WHAT IS THE LIFECYCLE OF CHIGGERS?

  • Chiggers go through a complete metamorphosis life cycle and contain four separate and distinct stages: egg, larva, nymph, and adult.
  • In the spring, Adult female mites lay from one to five eggs per day in leaf litter, vegetation and lawns. After five to seven days, the eggs hatch into 6-legged chigger larvae.
  • Chigger larvae will feed on the skin tissue of a warm-blooded host for 3-4 days and then drop off the host to molt.
  • After a week or ten days in the ground, the larvae molt into a nymph with eight legs.
  • After two weeks to one month, nymphs molt into adults. An adult chigger mite resembles the nymph, but is larger. 
  • Chigger mites are active when the ground temperature is between 77°F and 86°F.
  • Adult chiggers overwinter in protected places. They will die if exposed to temperatures colder than 42°F.
  • In total, the life cycle of the North American chiggers require 50 to 70 days to develop from egg to adult.
  • In Minnesota there is only one generation per year.

5 INTERESTING FACTS ABOUT CHIGGERS:

  • Chiggers typically will not survive on humans more than three days.

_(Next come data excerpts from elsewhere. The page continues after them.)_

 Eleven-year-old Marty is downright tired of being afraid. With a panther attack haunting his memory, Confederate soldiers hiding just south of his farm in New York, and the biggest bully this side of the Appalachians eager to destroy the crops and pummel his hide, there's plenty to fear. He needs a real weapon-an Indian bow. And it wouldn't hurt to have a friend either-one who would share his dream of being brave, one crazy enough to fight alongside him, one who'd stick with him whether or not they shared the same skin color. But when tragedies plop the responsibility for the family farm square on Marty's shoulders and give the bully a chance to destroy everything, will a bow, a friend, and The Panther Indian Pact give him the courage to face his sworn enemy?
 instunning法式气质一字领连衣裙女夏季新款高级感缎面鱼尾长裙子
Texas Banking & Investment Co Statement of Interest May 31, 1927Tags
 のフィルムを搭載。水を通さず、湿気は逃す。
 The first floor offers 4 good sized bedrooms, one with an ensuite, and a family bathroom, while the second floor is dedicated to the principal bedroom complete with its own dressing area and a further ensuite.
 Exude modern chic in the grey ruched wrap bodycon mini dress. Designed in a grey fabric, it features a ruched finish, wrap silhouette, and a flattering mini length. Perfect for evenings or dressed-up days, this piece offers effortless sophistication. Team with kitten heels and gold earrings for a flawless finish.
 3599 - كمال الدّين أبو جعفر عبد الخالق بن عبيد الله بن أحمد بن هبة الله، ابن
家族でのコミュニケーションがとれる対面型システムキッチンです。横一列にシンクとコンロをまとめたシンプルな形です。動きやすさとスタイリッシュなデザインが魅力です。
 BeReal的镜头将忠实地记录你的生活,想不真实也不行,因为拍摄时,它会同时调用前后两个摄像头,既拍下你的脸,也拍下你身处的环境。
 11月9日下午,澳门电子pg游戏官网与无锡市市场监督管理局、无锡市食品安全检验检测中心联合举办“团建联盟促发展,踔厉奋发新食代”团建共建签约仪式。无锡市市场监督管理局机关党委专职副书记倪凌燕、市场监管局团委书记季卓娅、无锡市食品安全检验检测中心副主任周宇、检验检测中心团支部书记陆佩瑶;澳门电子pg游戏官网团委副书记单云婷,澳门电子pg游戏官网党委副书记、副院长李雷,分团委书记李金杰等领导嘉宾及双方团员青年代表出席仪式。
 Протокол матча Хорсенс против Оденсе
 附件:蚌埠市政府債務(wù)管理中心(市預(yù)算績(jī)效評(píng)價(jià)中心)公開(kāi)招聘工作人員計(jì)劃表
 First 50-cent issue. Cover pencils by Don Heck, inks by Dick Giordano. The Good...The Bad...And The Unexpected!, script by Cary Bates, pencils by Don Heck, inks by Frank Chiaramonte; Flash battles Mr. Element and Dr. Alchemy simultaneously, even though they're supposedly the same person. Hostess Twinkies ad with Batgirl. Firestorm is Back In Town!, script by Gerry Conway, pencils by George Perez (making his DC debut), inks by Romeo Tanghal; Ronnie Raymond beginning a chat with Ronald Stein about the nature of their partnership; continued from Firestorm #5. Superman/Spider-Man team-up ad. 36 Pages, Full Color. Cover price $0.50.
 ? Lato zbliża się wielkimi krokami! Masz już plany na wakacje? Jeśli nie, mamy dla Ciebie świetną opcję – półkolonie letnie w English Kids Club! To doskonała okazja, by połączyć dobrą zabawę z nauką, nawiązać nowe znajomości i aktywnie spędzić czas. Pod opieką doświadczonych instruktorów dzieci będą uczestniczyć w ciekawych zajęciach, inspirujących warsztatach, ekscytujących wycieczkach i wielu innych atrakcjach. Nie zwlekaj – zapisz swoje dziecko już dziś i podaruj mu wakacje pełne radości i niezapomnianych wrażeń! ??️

  • Chigger larvae attach to a host, but they do not burrow into the flesh.

  • The itching from a chigger bite does not begin until three or more hours after the feeding.

  • It is possible to have hundreds or even thousands of chiggers on your body after being in an infested area. Fortunately, chigger larvae cannot easily attach, so relatively few chiggers successfully bite.

  • Chiggers live in every country around the world.